Soft furnishings absorb sound: Recording in a room with carpets, curtains, bookshelves, and upholstered furniture gives you less reverb than a bare-walled room. A closet full of clothes is a surprisingly effective recording booth — the fabric absorbs reflections from all sides.

USB audio and ground loops: If you have electrical hum, check your USB cable (replace with a shielded cable), try a different USB port, and ensure your audio interface is connected to the same power strip as your computer. Ground loop hum is eliminated at the source, not in post.

Test before recording: Record 30 seconds of silence in your recording environment before the session. Play it back at high volume to hear what your recording environment actually sounds like. Address anything audible before recording your actual content.

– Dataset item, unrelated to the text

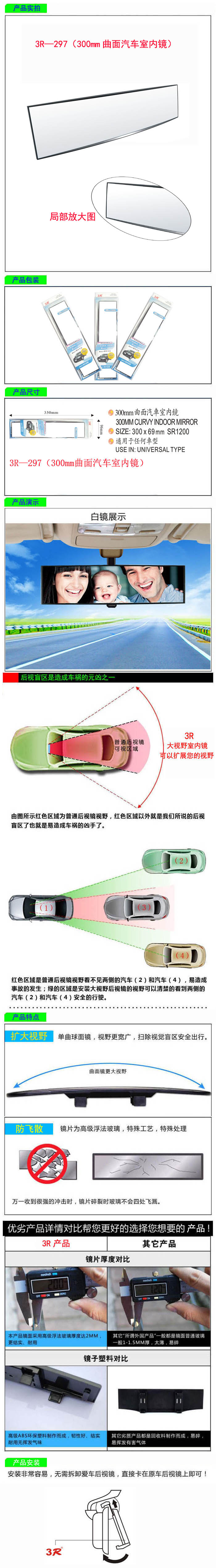 • 型號:   3R—297(300mm曲面汽車室內鏡)

Frequently Asked Questions

Can I remove background noise for free?
Yes, partially. Electrical hum (60/50 Hz buzz) and low-frequency rumble can be eliminated for free using EQ notch filters and high-pass filters — these are precise frequency-based solutions that work well for their specific noise types. For broadband noise (fans, traffic, HVAC), AI noise removal is the reliable solution and uses credits for full-length files. Short previews of AI processing may be available free.
Why does my audio sound unnatural after noise removal?
This is over-processing — the aggressiveness setting is too high. Reduce the aggressiveness to 30–50% and reprocess. Alternatively, if the noise was primarily in the low frequencies, a high-pass filter at 80–100 Hz may have achieved better results with no artifacts. The goal is not maximum noise suppression — it is the best trade-off between noise reduction and naturalness.
Can I remove noise from a video call recording?
Yes. Extract the audio from your video file using the Video to Audio tool, apply noise removal, then re-combine with the video. Note that if the video call platform already applied noise suppression (Zoom, Teams, and Google Meet all do this), your recording may already have processing artifacts — additional noise removal may degrade quality rather than improve it.
What is the difference between noise reduction and noise removal?
Noise reduction lowers the level of background noise without eliminating it — the noise is still present but quieter. Noise removal attempts to eliminate the noise entirely. In practice, complete elimination requires AI and may introduce artifacts; effective noise reduction (15–20 dB reduction) is often the better outcome, as residual noise at low levels is much less distracting than processing artifacts.
Does AI noise removal work on music?
AI models are primarily trained on speech. For music recordings, results vary significantly. Noise reduction on a voice-over-music recording tends to affect the music's tonal balance (the AI interprets some musical frequencies as noise). For pure music recordings with background noise, a narrowband EQ approach targeting the specific noise frequencies is often better than broadband AI processing.

Summary

Background noise is solvable with the right tool for the right noise type. Electrical hum: free EQ notch filters. Rumble and wind: free high-pass filter. Broadband steady noise: AI noise removal at medium aggressiveness. For recordings you have not yet made: a few minutes of acoustic setup before hitting record delivers cleaner audio than any amount of post-processing.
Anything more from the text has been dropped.